##### Records shown #####

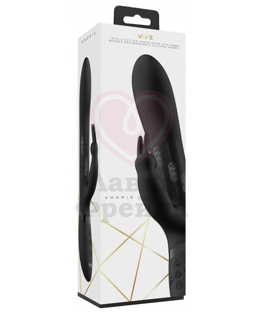 Вибратор Amoris порадует не только классической вибрацией, но и двигающимися верх и вниз шариками, которые обеспечат особую стимуляцию. Два кончика прекрасно дополняют друг друга для максимально ярких оргазмов. Вагинальный отросток имеет плавные очертания, длину проникновения 13, 5 см и максимальный диаметр в 3,5 см. Небольшой клиторальный кончик же обладает двумя ушками для эффективного воздействия. Вибрация основной и клиторальной части имеет по 10 режимов для каждого участка, управляются они отдельно. Также игрушка оснащена специальной кнопкой максимальной мощности, которую легко нажать в нужный момент.
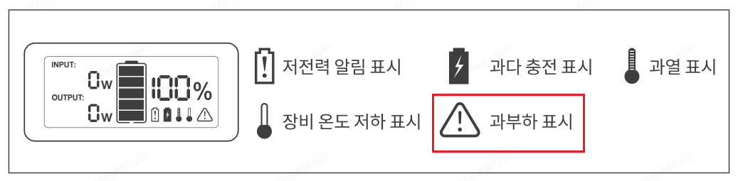 1. 연결된 장비 제거한 후 DISPLAY 버튼을 7초간 길게 눌러 리셋한 후 과부하 표시가 사라졌는지 확인해 주십시오. 과부하 표시가 사라지지 않으면 고장일 수 있으므로 고객 상담 이메일 hello.kr@jackery.com로 연락해 주십시오.
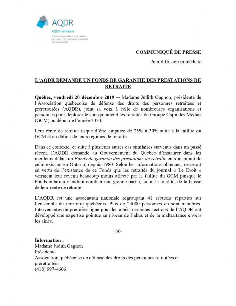 19 août 2020 – L’AQDR en faveur du plan d’action de Québec pour contrer une seconde pandémie de la COVID-19
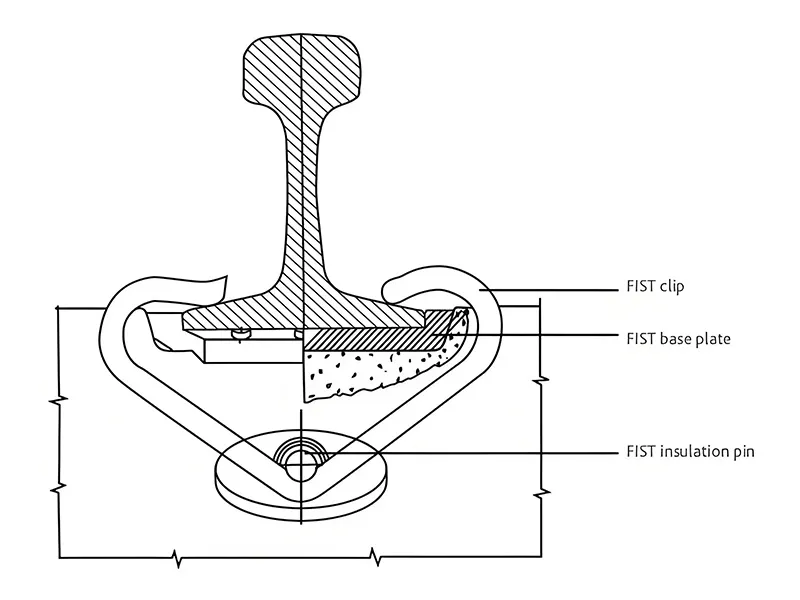The fast clip is designed with a captive system. Sleeper manufacturers shall assemble the components on the sleeper before delivery. This product is specially offered for the mechanized track renewals requiring automated clipping machines or hand tools. The clip for the system is manufactured in the shape of M, driven at right angles to the rail. Specially provided for 26t axle load, the fast clip can be produced for heavy haul rail with the axle load up to 40t.
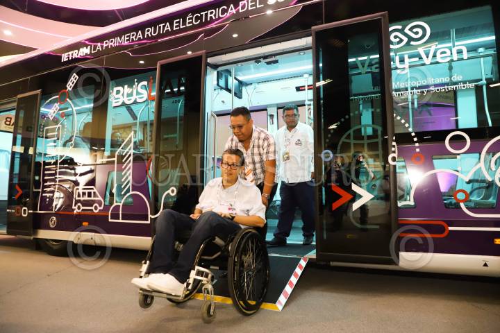 MÉRIDA, YUCATÁN, 09JULIO2024.- En el marco de la quinta edición del Smart City Expo LATAM Congress 2024 se presentó una unidad de transporte público del sistema Va y Ven que dará servicio en Mérida, el cual se caracteriza por ser de fácil accesibilidad para personas con discapacidades físicas. Luis Quintana, originario de Cuernavaca, accedió a hacer una demostración para que confirmar que las unidades son amigables para las personas que se movilizan en silla de ruedas, ahí confirmó que este transporte, que también es totalmente eléctrico, cuenta con rampas y cinturones de seguridad para que los traslados sean seguros. FOTO: MARTIN ZETINA/CUARTOSCURO.COM

#####

# What you need to do:
Your copy should match the records word for word, with the pictures removed.

# Written reply:
 Вибратор Amoris порадует не только классической вибрацией, но и двигающимися верх и вниз шариками, которые обеспечат особую стимуляцию. Два кончика прекрасно дополняют друг друга для максимально ярких оргазмов. Вагинальный отросток имеет плавные очертания, длину проникновения 13, 5 см и максимальный диаметр в 3,5 см. Небольшой клиторальный кончик же обладает двумя ушками для эффективного воздействия. Вибрация основной и клиторальной части имеет по 10 режимов для каждого участка, управляются они отдельно. Также игрушка оснащена специальной кнопкой максимальной мощности, которую легко нажать в нужный момент.
 1. 연결된 장비 제거한 후 DISPLAY 버튼을 7초간 길게 눌러 리셋한 후 과부하 표시가 사라졌는지 확인해 주십시오. 과부하 표시가 사라지지 않으면 고장일 수 있으므로 고객 상담 이메일 hello.kr@jackery.com로 연락해 주십시오.
 19 août 2020 – L’AQDR en faveur du plan d’action de Québec pour contrer une seconde pandémie de la COVID-19
The fast clip is designed with a captive system. Sleeper manufacturers shall assemble the components on the sleeper before delivery. This product is specially offered for the mechanized track renewals requiring automated clipping machines or hand tools. The clip for the system is manufactured in the shape of M, driven at right angles to the rail. Specially provided for 26t axle load, the fast clip can be produced for heavy haul rail with the axle load up to 40t.
 MÉRIDA, YUCATÁN, 09JULIO2024.- En el marco de la quinta edición del Smart City Expo LATAM Congress 2024 se presentó una unidad de transporte público del sistema Va y Ven que dará servicio en Mérida, el cual se caracteriza por ser de fácil accesibilidad para personas con discapacidades físicas. Luis Quintana, originario de Cuernavaca, accedió a hacer una demostración para que confirmar que las unidades son amigables para las personas que se movilizan en silla de ruedas, ahí confirmó que este transporte, que también es totalmente eléctrico, cuenta con rampas y cinturones de seguridad para que los traslados sean seguros. FOTO: MARTIN ZETINA/CUARTOSCURO.COM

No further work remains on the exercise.